Он в последний раз, слегка и совершенно бесшумно натужился – просто так, на всякий случай. Неужели правда то, что рассказывают про знаменитого ученого Марселино Менендеса-и-Пелайо? Говорят, что, страдая хроническими запорами, он якобы полжизни провел в уборной. Дона Ригоберто уверяли, что в Сантандере, в доме-музее великого историка, поэта и критика, туристам показывают особый пюпитр, сконструированный по его заказу для того, чтобы ученый муж мог не прерывать своих штудий и изысканий и во время борьбы со своим чрезмерно скаредным желудком, не желавшим избавляться от скопившихся в нем фекальных масс – последствий обильных и частых кастильских пиров. Дон Ригоберто растрогался, вообразив себе, как этот человек, наделенный столь светлым разумом, могучим интеллектом и даром истинной религиозности, сидит, скорчась и, быть может, закрыв колени толстым клетчатым одеялом, чтобы уберечься от ледяного ветра с гор, и на протяжении целых часов тужится, тужится, тужится, продолжая в то же время невозмутимо рыться в старинных фолиантах и пыльных инкунабулах, систематизируя все ереси, расколы, отклонения от доктрины и канона, случавшиеся в истории Испании.
Дон Ригоберто использовал четыре вдвое сложенных квадратика туалетной бумаги и спустил воду.
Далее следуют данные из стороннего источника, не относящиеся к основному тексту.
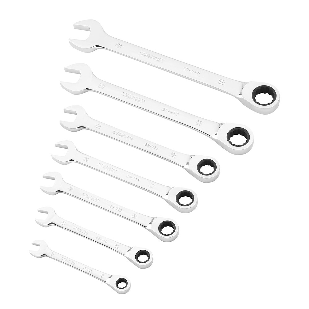 A STANLEY® 7 darabos racsnis villáskulcskészlet számos nagyszabású feladatot lefedjen
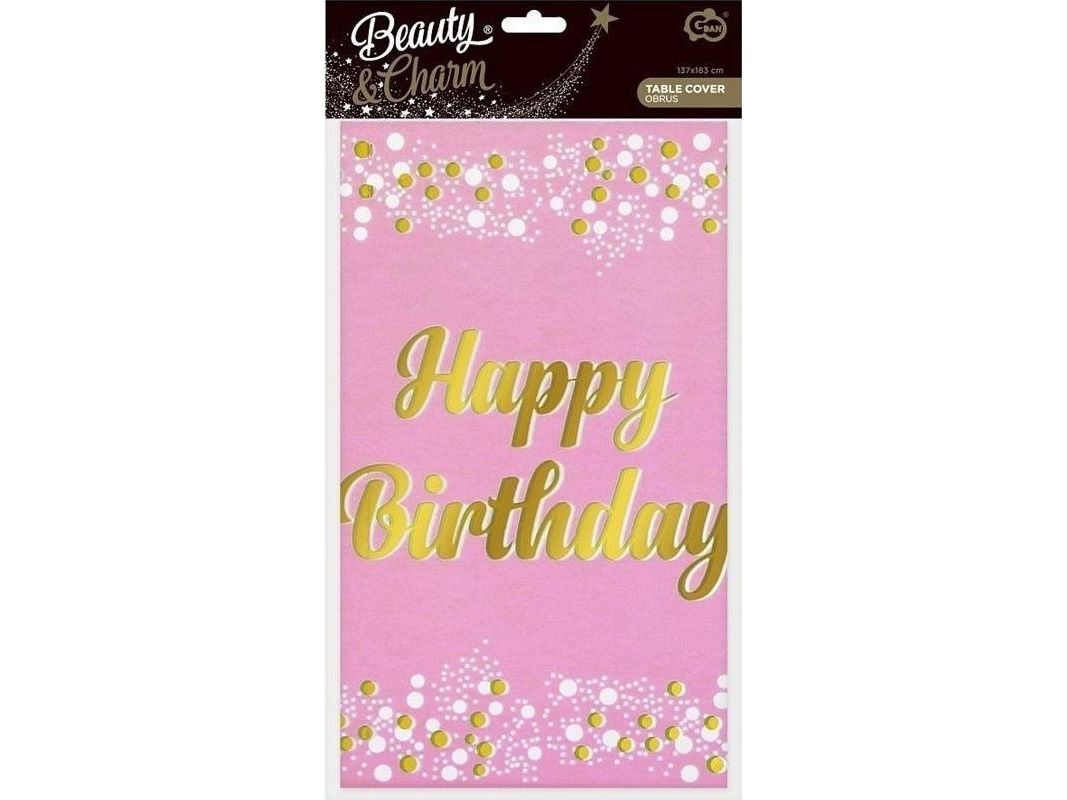 GoDan bordsduk i folie B&C Happy Birthday rosa 137x183 cm
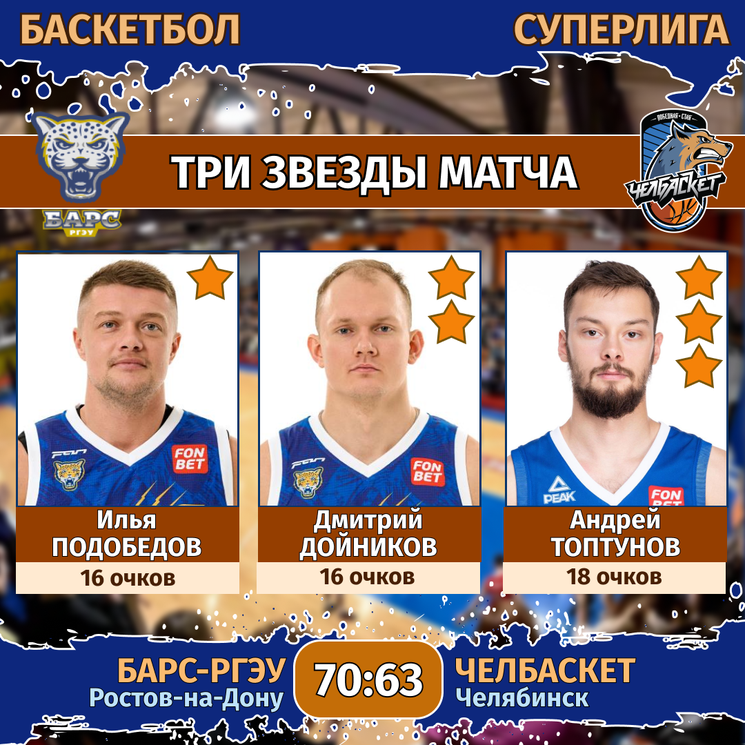 28 ноября. «БАРС-РГЭУ» (Ростов-на-Дону) — «Челбаскет» — 70:63 (17:15, 13:13, 20:18, 20:17).
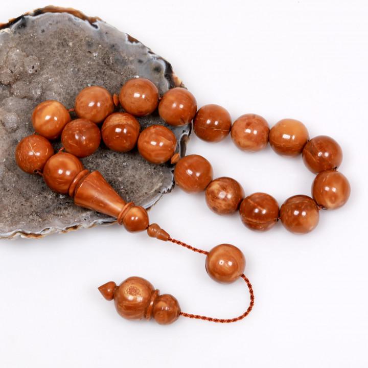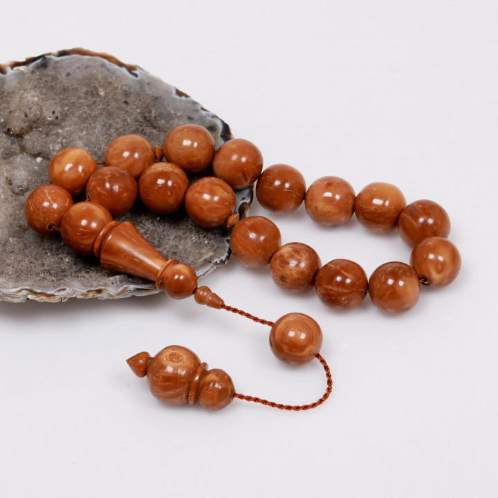 Bu özel tesbih, dayanıklılığı ve antibakteriyel yapısıyla bilinen doğal kuka ağacından el işçiliğiyle üretilmiştir. 13,5 mm boyutundaki 17 adet habbesi, hem estetik hem de kullanım açısından ideal bir deneyim sunar. İmameden uzunluğu 16 cm, toplam uzunluğu ise 26 cm’dir.

Потом сел на биде, наполнил его теплой водой и тщательнейшим образом вымыл с мылом задний проход, член, яички, лобок, промежность и ляжки. Потом вытерся чистым полотенцем.
Это был вторник – следовало заняться педикюром. Вся неделя была у дона Ригоберто расписана: понедельник – руки, среда – уши, четверг – нос, пятница – волосы, суббота – глаза и воскресенье – кожа. Эти чередования являлись важнейшим элементом ночного обряда, не давали ему устояться и закоснеть, спасали от рутины. Посвящая каждый вечер какой-нибудь одной части тела, дон Ригоберто мог уделять ей все свое внимание, любовь и заботу и производить свои гигиенические процедуры с большей рачительностью и рвением; забота о каждом отдельном органе гарантировала безупречное равновесие в попечении о целом: можно было избежать пристрастий, и недооценок, и мерзкой иерархии в отношении разных частей организма и всего тела целиком. "Мое тело осуществляет невозможное: это общество, в котором царит полное равноправие", – подумал он.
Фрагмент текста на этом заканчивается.